Hooroo, where's the poo?
ALAN Cooper specialises in ancient DNA. When he came to Australia in 2005 to be director of the University of Adelaide's Australian Centre for Ancient DNA, he was keen to find and analyse the droppings of the country's megafauna, creatures such as giant marsupial diprotodon and the giant short-faced kangaroo, which became extinct more than 45,000 years ago.
ALAN Cooper specialises in ancient DNA. When he came to Australia in 2005 to be director of the University of Adelaide's Australian Centre for Ancient DNA, he was keen to find and analyse the droppings of the country's megafauna, creatures such as giant marsupial diprotodon and the giant short-faced kangaroo, which became extinct more than 45,000 years ago.
So far he has had no luck and, although he is learning to live with it, Cooper is also intrigued by the absence of this dung material, called coprolite.
Things are much better in New Zealand. In December, a paper he co-wrote appeared in Quaternary Science Reviews, documenting the discovery of 1500 samples of moa faeces.
Cooper's centre performed the DNA typing for the University of Otago's Jamie Wood, who had discovered the abundant dung from the extinct bird.

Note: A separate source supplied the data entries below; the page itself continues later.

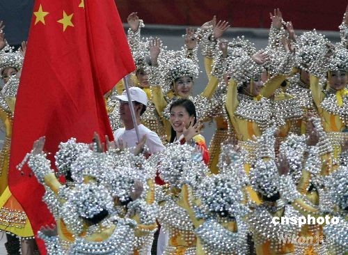 8月24日晚,第二十九屆夏季奧林匹克運動會在北京閉幕。33歲的羽壇老將、上屆及本屆奧運會羽毛球女子單打兩屆冠軍張寧擔任中國代表團旗手。中新社發 任晨鳴 攝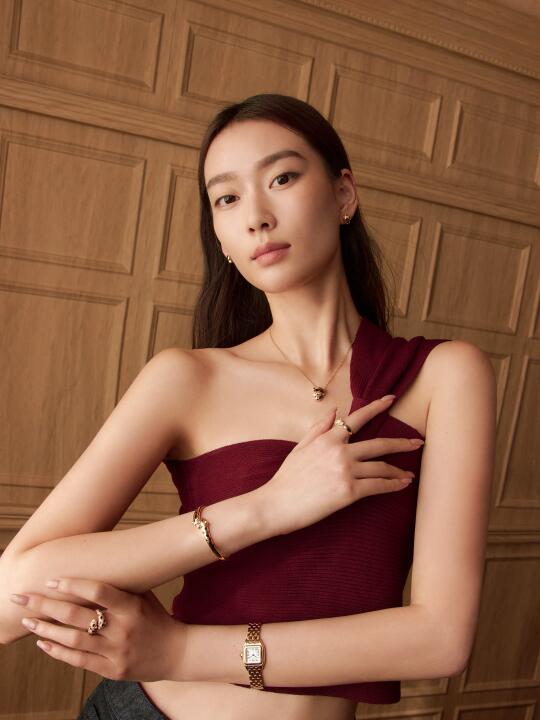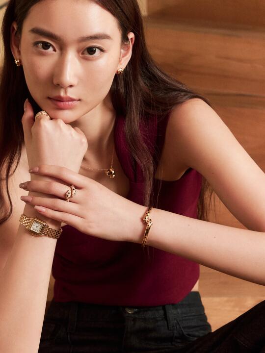 野心,从来不是贬义词, 内心充沛的力量源自于对自己的坚定和信任。 猎豹系列是野性和优雅的对撞。 猎豹作为卡地亚的百年象征,占据着无可比拟的标志性地位。 Panthère项链采用立体刻面的凌厉造型, 与精致柔和线条的戒指、手镯相得益彰。 方形表盘搭配着柔软灵活的表链, 象征着猎豹矫健的身姿。 - 不迎合,不退让, 在静与动之间, 猎豹精神,走出自己的节奏。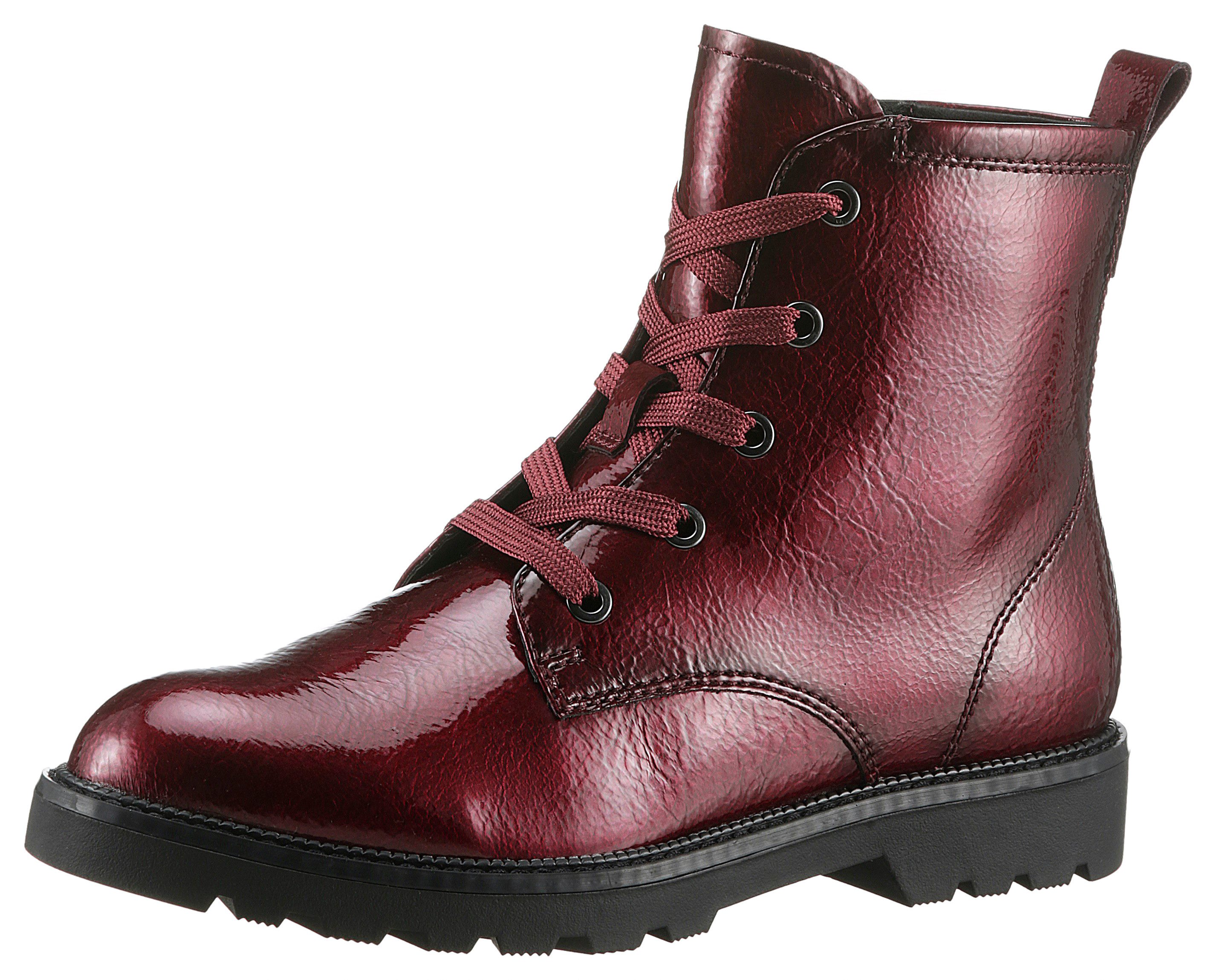 Mit dem Obermaterial aus Lacksynthetik sind die Schuhe glänzend und unempfindlich gegen Feuchtigkeit. Die Synthetik-Sohle der Schnürboots ist profiliert und sieht nicht nur lässig aus, sondern lässt dich auf glatter Straße nicht ausrutschen. Die gepolsterte Textil-Innensohle mit der "Touch It"-Technologie bietet zusätzlichen Komfort und unterstützt die natürliche Fußform. Dank dem Blockabsatz und der klassischen runden Schuhspitze sind die Schnürboots ausgesprochen bequem. Schmale bis normale Füße finden in diesen Schnürboots der Weite F optimalen Komfort.

"In New Zealand we often get tip-offs from hunters (who) report moa bones or finds, and we get called in to collect material," Cooper says. "And Jim Wood will meander around the outback of New Zealand looking for rocky areas with overhangs and scoop out the sheep poo and go through the dirt and very often come across coprolites.
"The main thing is the extent of the poo. Pretty much everywhere we have looked for it, we have found it."
The coprolites yield a DNA record of interaction between the giant bird and its environment, particularly its diet. The record pre-dates human settlement; moa, unique to New Zealand, are thought to have become extinct about 1350, soon after the arrival of the Maori.
Cooper says this provides an ideal opportunity to reconstruct the origins and history of the present environment, making informed predictions about it easier.
As for the coprolite record in Australia, he says: "Our leading hypothesis at the moment is that the termites have got it all."
NZ has no termites, although North America does, which is why he is somewhat baffled at the amount of great brown sloth dung in the caves of Arizona, New Mexico and Utah.
"When I came here from Oxford to set up the centre, one of my aims was to find out where Australia's megafaunal poo was hiding out. There seems to be so little evidence of it in museums, just the occasional fossilised form, and no deposits in the field as there are in New Zealand and North America."
People in the field confirmed the absence of sightings.
"It's possible Australia is so vast that it has not yet been found," Cooper says.
"And poo is hard to recognise, especially under layers of sediment on a cave floor."
It is also possible that Australian megafauna died out so long ago the coprolites have degraded.
Cooper is eager to use Wood's proven sleuthing abilities to mount a more systematic search of likely sites in Australia, but an Australian Research Council grant application for this purpose was turned down last year.